> [DATASET EXTRACT]:
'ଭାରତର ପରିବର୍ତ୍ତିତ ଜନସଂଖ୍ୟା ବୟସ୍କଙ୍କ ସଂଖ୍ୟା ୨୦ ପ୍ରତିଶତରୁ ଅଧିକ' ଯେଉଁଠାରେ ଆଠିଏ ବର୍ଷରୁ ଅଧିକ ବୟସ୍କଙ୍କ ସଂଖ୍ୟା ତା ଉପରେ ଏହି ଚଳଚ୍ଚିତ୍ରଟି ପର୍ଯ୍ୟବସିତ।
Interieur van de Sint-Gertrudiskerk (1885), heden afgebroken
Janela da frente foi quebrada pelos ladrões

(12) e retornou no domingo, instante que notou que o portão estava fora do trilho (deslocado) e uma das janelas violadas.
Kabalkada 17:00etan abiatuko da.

==

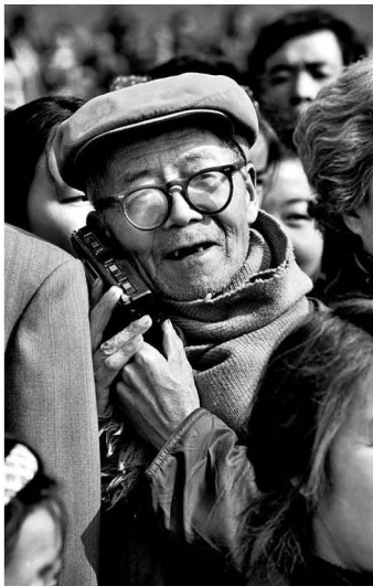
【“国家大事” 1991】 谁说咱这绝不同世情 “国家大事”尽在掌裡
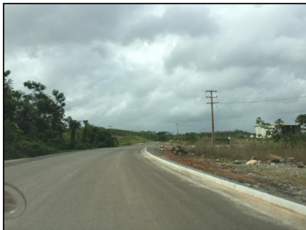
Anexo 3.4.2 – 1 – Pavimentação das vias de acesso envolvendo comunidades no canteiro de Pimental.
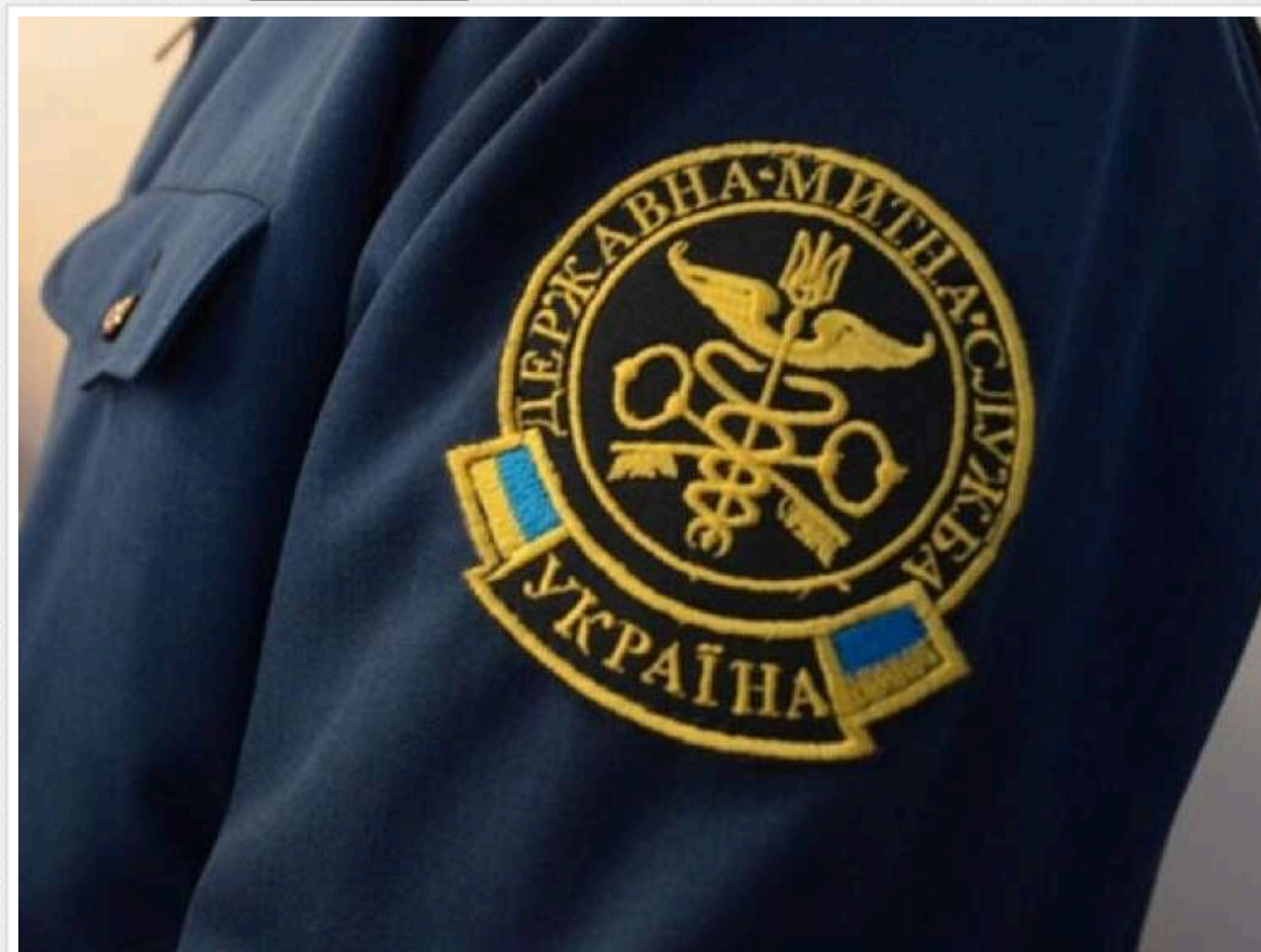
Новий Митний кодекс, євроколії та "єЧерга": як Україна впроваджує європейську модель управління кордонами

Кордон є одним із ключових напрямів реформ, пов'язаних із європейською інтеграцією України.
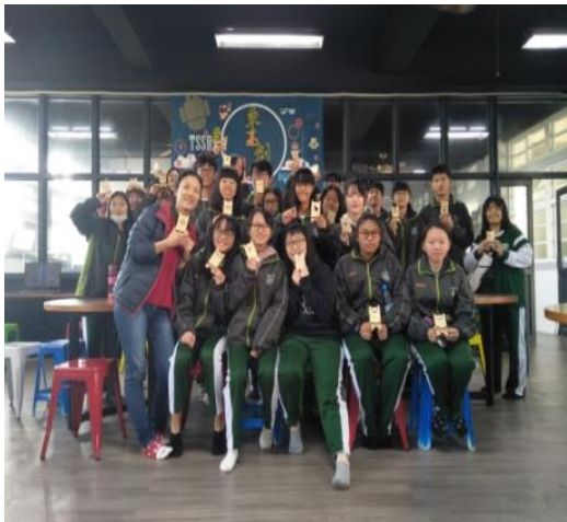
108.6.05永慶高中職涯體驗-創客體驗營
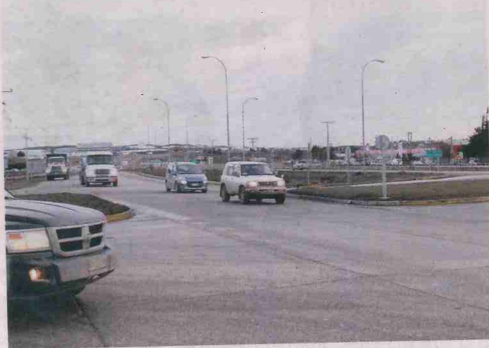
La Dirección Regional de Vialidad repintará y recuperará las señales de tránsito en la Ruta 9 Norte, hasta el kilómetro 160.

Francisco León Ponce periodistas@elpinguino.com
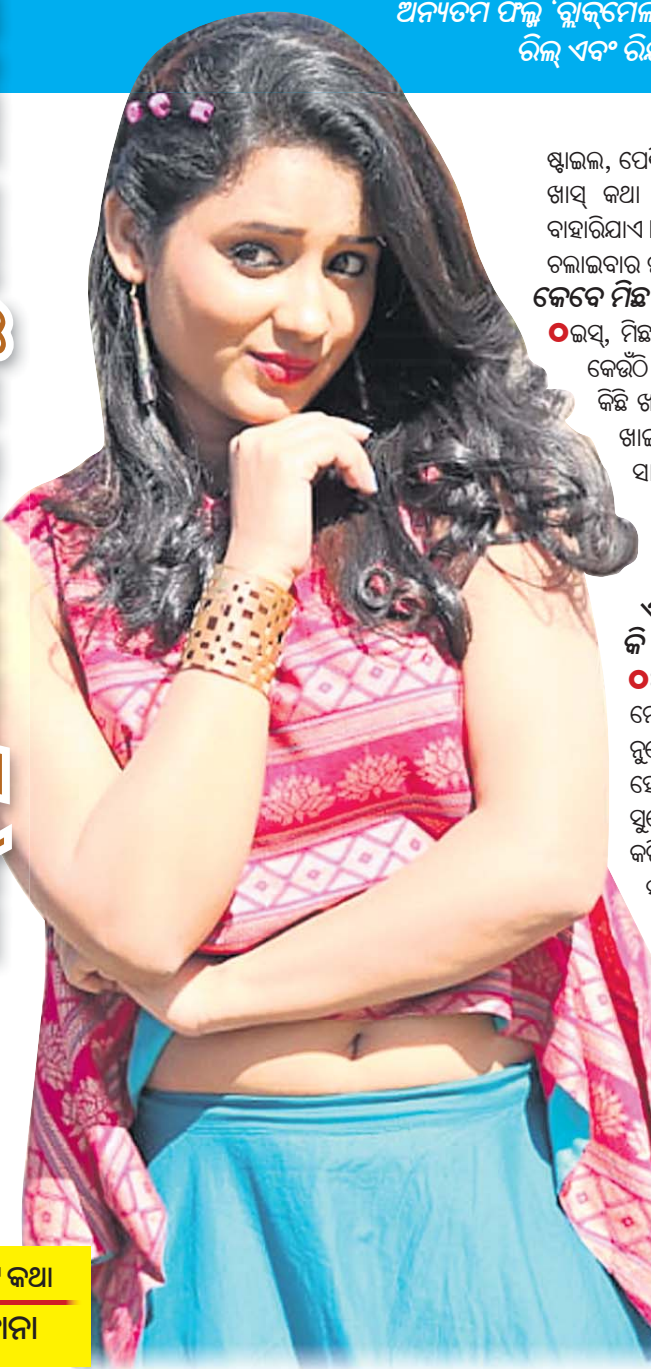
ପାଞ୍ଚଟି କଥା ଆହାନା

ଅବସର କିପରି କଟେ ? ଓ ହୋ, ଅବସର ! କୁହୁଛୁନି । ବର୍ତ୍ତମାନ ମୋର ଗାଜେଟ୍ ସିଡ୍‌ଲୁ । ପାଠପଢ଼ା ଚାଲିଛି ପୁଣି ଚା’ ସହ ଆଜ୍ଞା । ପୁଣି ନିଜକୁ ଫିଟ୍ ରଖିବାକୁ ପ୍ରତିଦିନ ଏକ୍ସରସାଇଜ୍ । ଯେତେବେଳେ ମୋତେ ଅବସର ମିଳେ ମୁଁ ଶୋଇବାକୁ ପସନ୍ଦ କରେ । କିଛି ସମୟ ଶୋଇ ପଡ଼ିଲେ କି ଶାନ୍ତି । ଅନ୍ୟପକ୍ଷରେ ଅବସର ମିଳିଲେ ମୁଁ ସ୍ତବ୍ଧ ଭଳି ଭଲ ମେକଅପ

> [TASK GOAL]: Above are some records. Output exactly the lines from the one that contains "Новий Митний кодекс, євроколії" to the one that contains "ଅବସର କିପରି କଟେ", keeping both, and omit the pictures.

> [ANSWER TO THIS TASK]:
Новий Митний кодекс, євроколії та "єЧерга": як Україна впроваджує європейську модель управління кордонами

Кордон є одним із ключових напрямів реформ, пов'язаних із європейською інтеграцією України.
108.6.05永慶高中職涯體驗-創客體驗營
La Dirección Regional de Vialidad repintará y recuperará las señales de tránsito en la Ruta 9 Norte, hasta el kilómetro 160.

Francisco León Ponce periodistas@elpinguino.com
ପାଞ୍ଚଟି କଥା ଆହାନା

ଅବସର କିପରି କଟେ ? ଓ ହୋ, ଅବସର ! କୁହୁଛୁନି । ବର୍ତ୍ତମାନ ମୋର ଗାଜେଟ୍ ସିଡ୍‌ଲୁ । ପାଠପଢ଼ା ଚାଲିଛି ପୁଣି ଚା’ ସହ ଆଜ୍ଞା । ପୁଣି ନିଜକୁ ଫିଟ୍ ରଖିବାକୁ ପ୍ରତିଦିନ ଏକ୍ସରସାଇଜ୍ । ଯେତେବେଳେ ମୋତେ ଅବସର ମିଳେ ମୁଁ ଶୋଇବାକୁ ପସନ୍ଦ କରେ । କିଛି ସମୟ ଶୋଇ ପଡ଼ିଲେ କି ଶାନ୍ତି । ଅନ୍ୟପକ୍ଷରେ ଅବସର ମିଳିଲେ ମୁଁ ସ୍ତବ୍ଧ ଭଳି ଭଲ ମେକଅପ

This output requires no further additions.